LADY BRITOMART. Oh, Adolphus Cusins will make a very good husband. After all, nobody can say a word against Greek: it stamps a man at once as an educated gentleman. And my family, thank Heaven, is not a pigheaded Tory one. We are Whigs, and believe in liberty. Let snobbish people say what they please: Barbara shall marry, not the man they like, but the man I like.

STEPHEN. Of course I was thinking only of his income. However, he is not likely to be extravagant.

LADY BRITOMART. Dont be too sure of that, Stephen. I know your quiet, simple, refined, poetic people like Adolphus—quite content with the best of everything! They cost more than your extravagant people, who are always as mean as they are second rate. No: Barbara will need at least £2000 a year. You see it means two additional households. Besides, my dear, you must marry soon.

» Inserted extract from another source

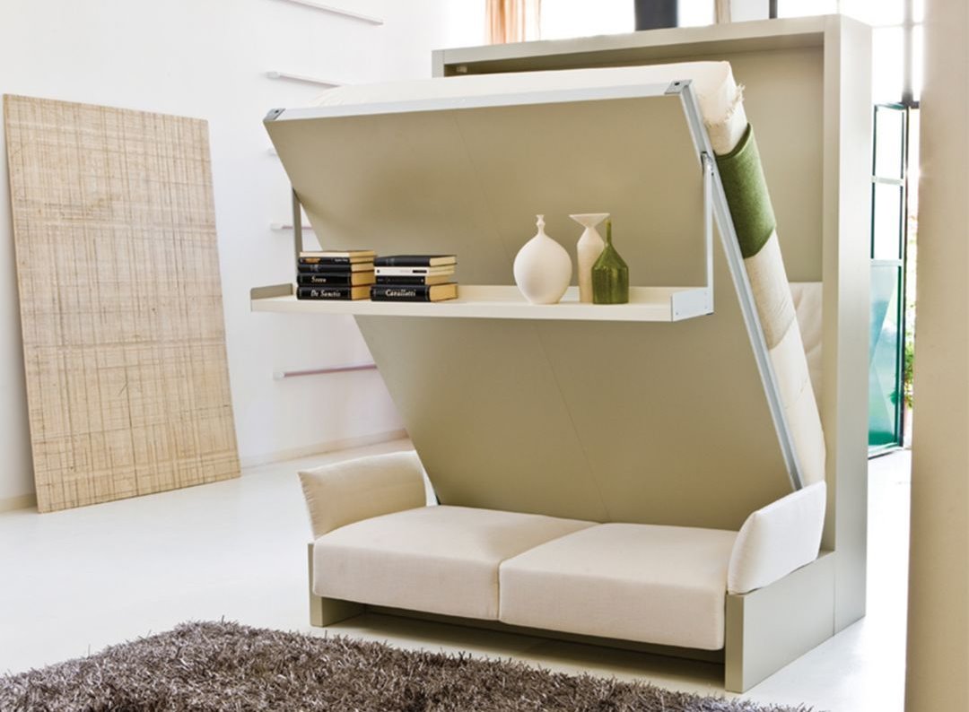 Selain dipakai untuk tidur, furnitur ini bisa dilipat ke atas dan menjadi sofa untuk bersantai sambil membaca buku.

I dont approve of the present fashion of philandering bachelors and late marriages; and I am trying to arrange something for you.

STEPHEN. It's very good of you, mother; but perhaps I had better arrange that for myself.

LADY BRITOMART. Nonsense! you are much too young to begin matchmaking: you would be taken in by some pretty little nobody. Of course I dont mean that you are not to be consulted: you know that as well as I do. (STEPHEN closes his lips and is silent.) Now dont sulk, Stephen.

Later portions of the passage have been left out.